>>>

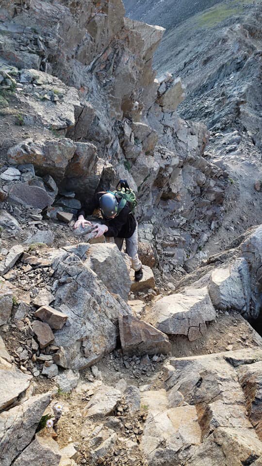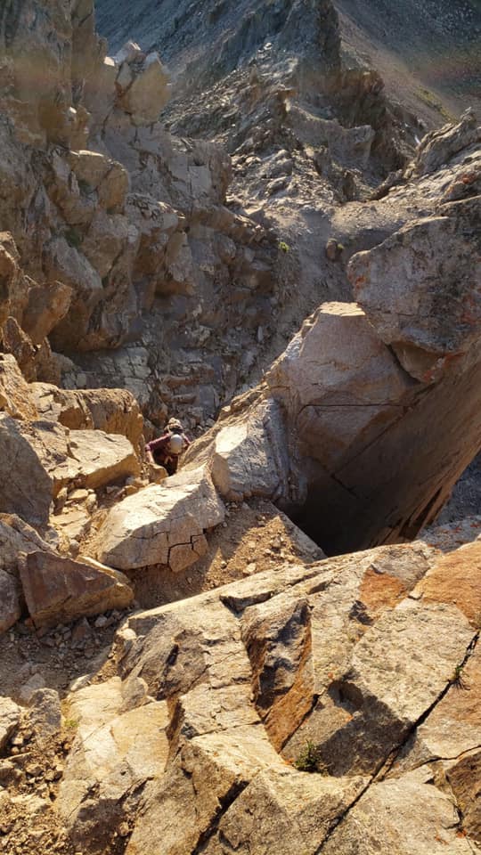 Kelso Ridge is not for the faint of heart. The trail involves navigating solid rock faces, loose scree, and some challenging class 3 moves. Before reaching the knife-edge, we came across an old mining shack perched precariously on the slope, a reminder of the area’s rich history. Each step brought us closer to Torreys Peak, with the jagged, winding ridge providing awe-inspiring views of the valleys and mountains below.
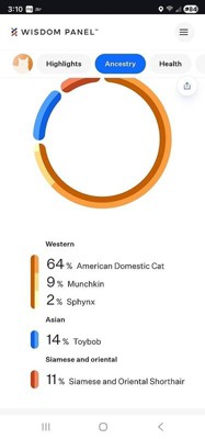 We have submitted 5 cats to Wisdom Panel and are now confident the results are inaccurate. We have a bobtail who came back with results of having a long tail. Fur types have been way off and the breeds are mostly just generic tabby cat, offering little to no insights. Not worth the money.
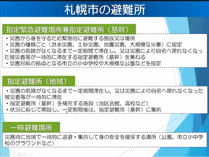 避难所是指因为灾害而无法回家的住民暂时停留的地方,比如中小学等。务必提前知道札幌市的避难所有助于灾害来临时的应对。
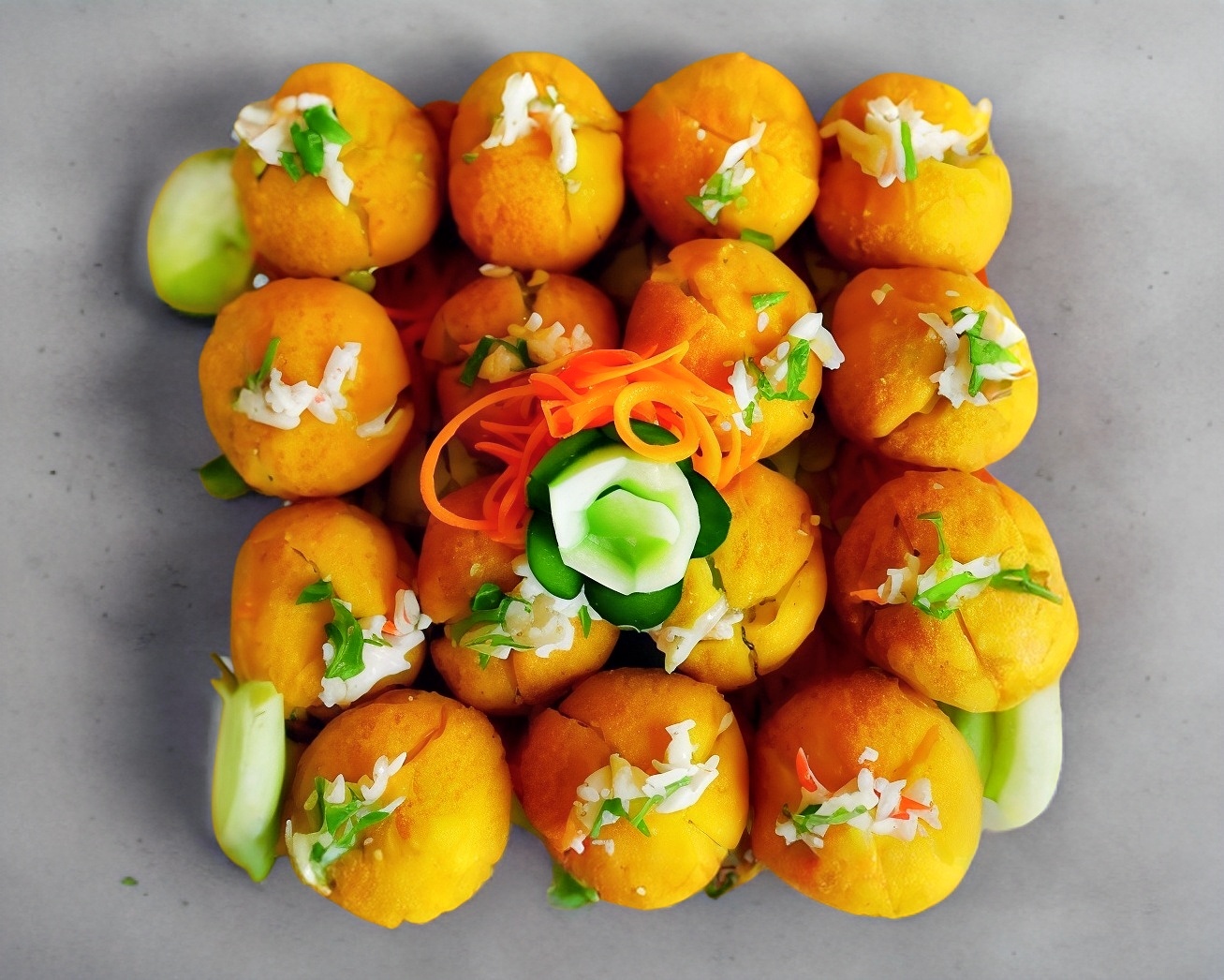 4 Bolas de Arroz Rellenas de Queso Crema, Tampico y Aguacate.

<<<
>>>

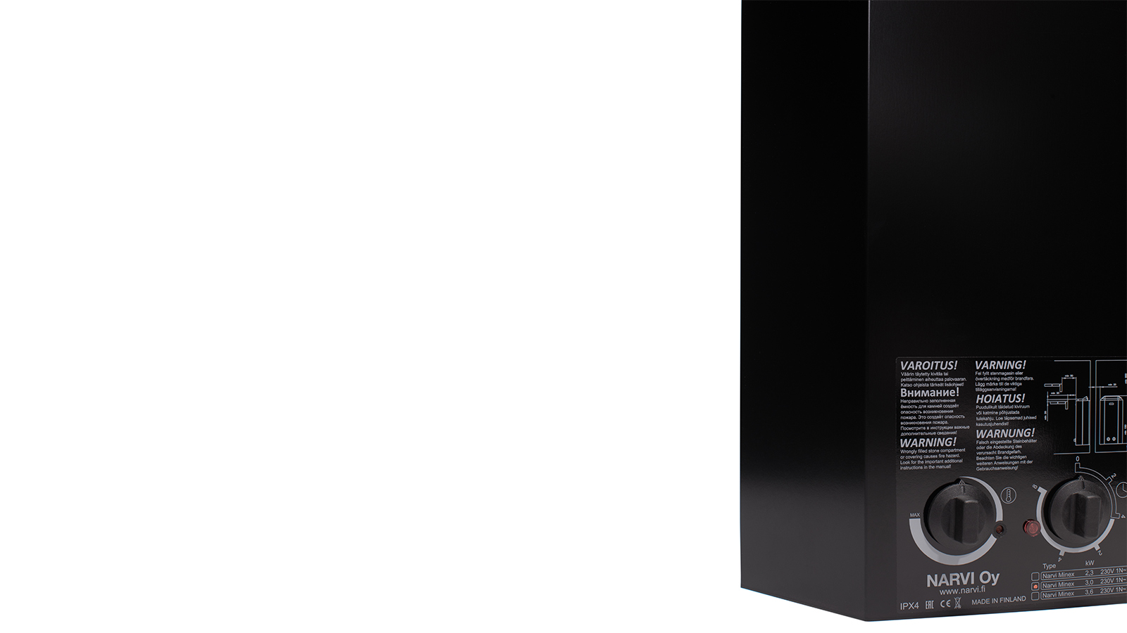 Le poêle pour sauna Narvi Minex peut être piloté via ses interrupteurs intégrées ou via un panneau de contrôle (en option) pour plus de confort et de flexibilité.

<<<

> _WHAT THE EXERCISE ASKS_
Print nothing but the lines above starting with the line that contains "We have submitted" and going on through the line that contains "4 Bolas de Arroz". Leave out the pictures.

> _TASK SOLUTION_
 We have submitted 5 cats to Wisdom Panel and are now confident the results are inaccurate. We have a bobtail who came back with results of having a long tail. Fur types have been way off and the breeds are mostly just generic tabby cat, offering little to no insights. Not worth the money.
 避难所是指因为灾害而无法回家的住民暂时停留的地方,比如中小学等。务必提前知道札幌市的避难所有助于灾害来临时的应对。
 4 Bolas de Arroz Rellenas de Queso Crema, Tampico y Aguacate.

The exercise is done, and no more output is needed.